Ne pas acheter cette maison maudite qui nous nargue depuis plusieurs années, s'amuse à nos dépens, ne doit pas nous aigrir, qu'importe après tout , sur ce rocher antique, sur ce morceau de Grèce flottant, ce souvenir vif de l'Odyssée, nous comptons désormais des amis fidèles, nous existons  en dépit de la rapidité de nos séjours et de notre absence totale de dépenses mirobolantes !.

Toutefois, quelque chose m'oblige à ne pas abandonner, demain, avant le rendez-vous, je filerai vers le portail vert outragé, et je tenterai de défier le destin. J'ai l'intuition que quelqu'un a besoin de moi,..

Cette certitude m'ôte le sommeil, et m'envoie à l'heure du premier bus sur les marches usées de la traversa couverte d'herbes humides aboutissant au chemin ignoré que je connais trop bien ...

 Voici le portail toujours ravagé, le jardin aux broussailles toujours échevelées, et un miaulement rauque, plaintif, l'appel au secours d'une créature souffrante 

Je n'hésite plus, tant pis pour les Carabiniers, les officiers de justice, les visiteurs étranges, animés des pires intentions certainement et qui plus est à l'égard des Françaises romantiques et amies des bêtes, j'avance entre deux fentes du mur, et cherche quelle bestiole céleste ou terrestre gémit de façon lamentable au sein de ce paradis en détresse..

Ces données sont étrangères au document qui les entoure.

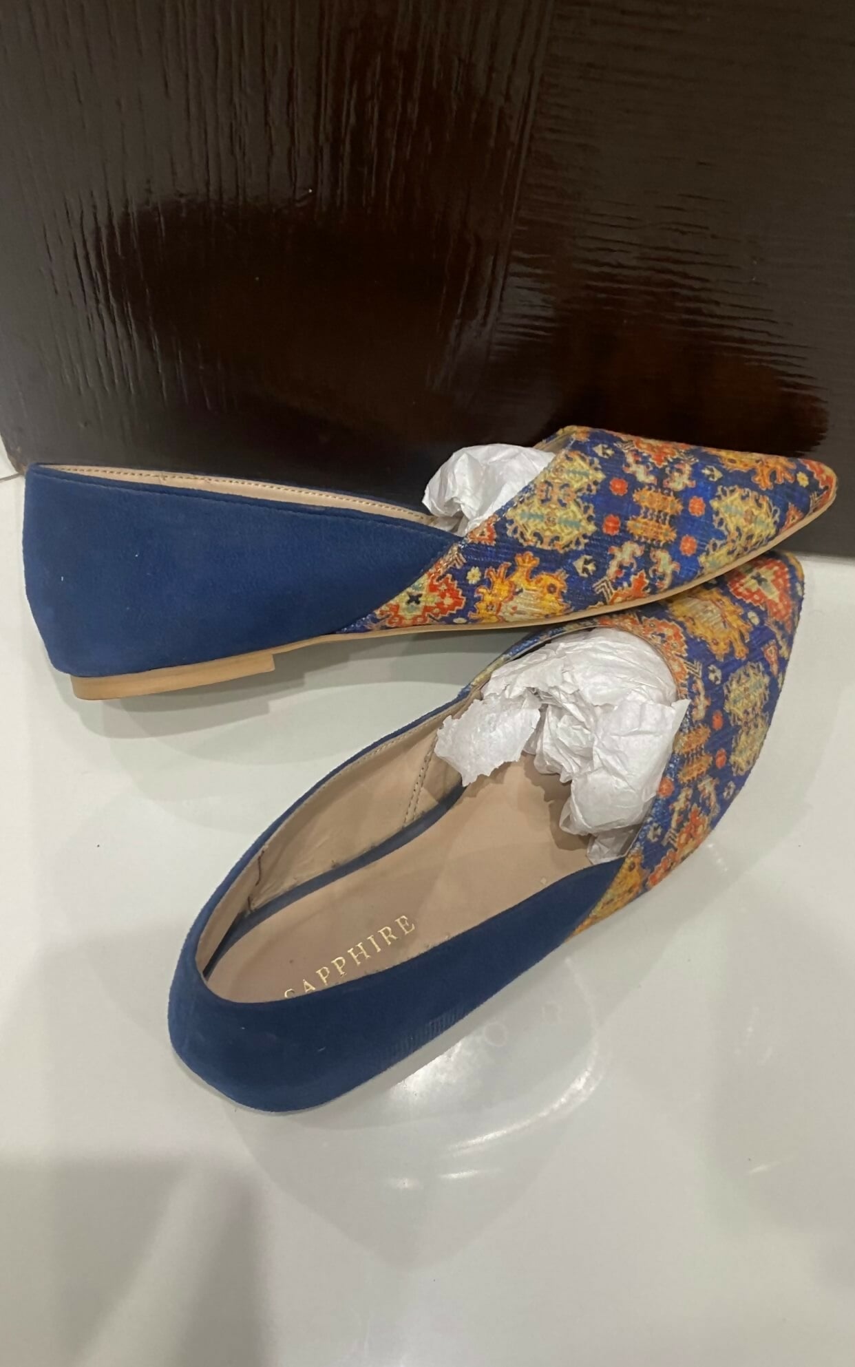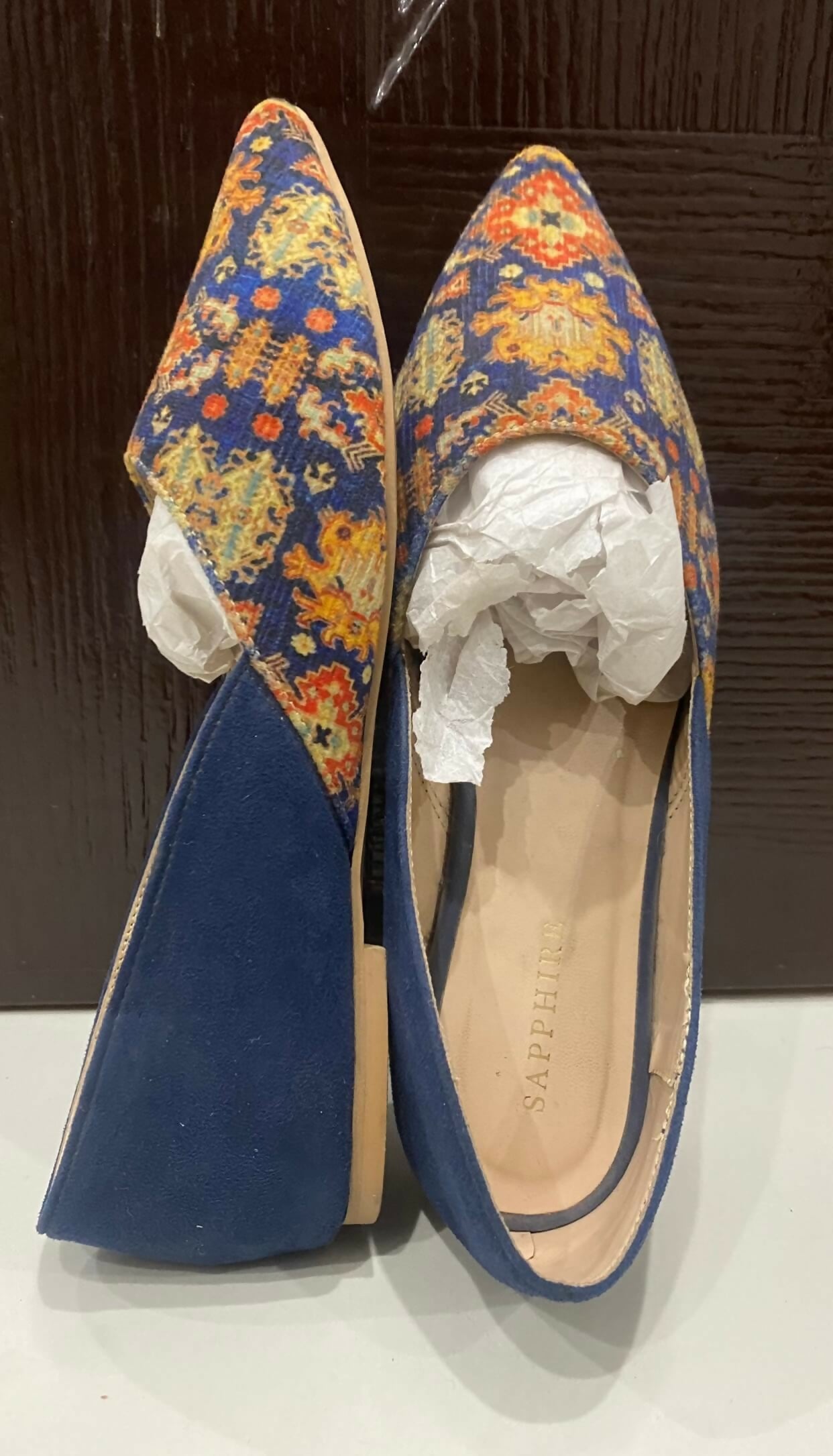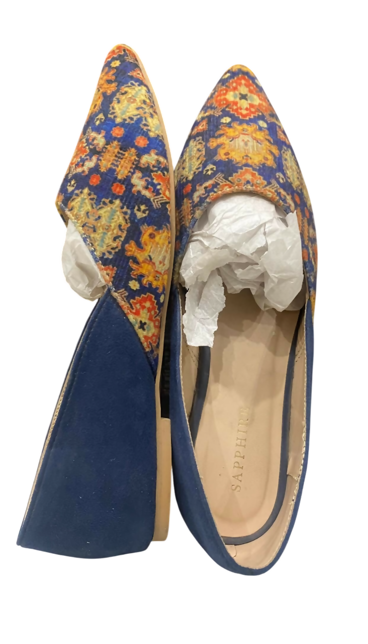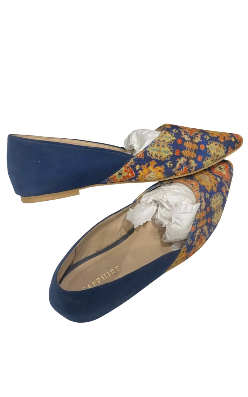 Elegant Sapphire ethnic flats featuring a vibrant multicolor fabric design combined with blue faux suede accents. Perfect for casual outings, semi-formal events, or pairing with ethnic attire.

sous un amas de feuillages , dissimulé par quelques branches cassées, un chat qui fut blanc comme neige, endure une douleur violente, le coeur serré, je me précipite, caresse le malheureux animal, et l'emporte dans mes bras.

 Les rares passants me lancent un regard approbateur, par contre, qu'il est pénible de garder la pauvre bâte contre ma poitrine sans lui infliger d'autres souffrances ... L'Homme- Mari, entouré de sacs, me voit entrer sur la point des pieds et installer un chat  presque inconscient,, à l'ombre de la loggia, à l'heure où il est grand temps de nous poster au restaurant, avant  les adieux et la descente au port.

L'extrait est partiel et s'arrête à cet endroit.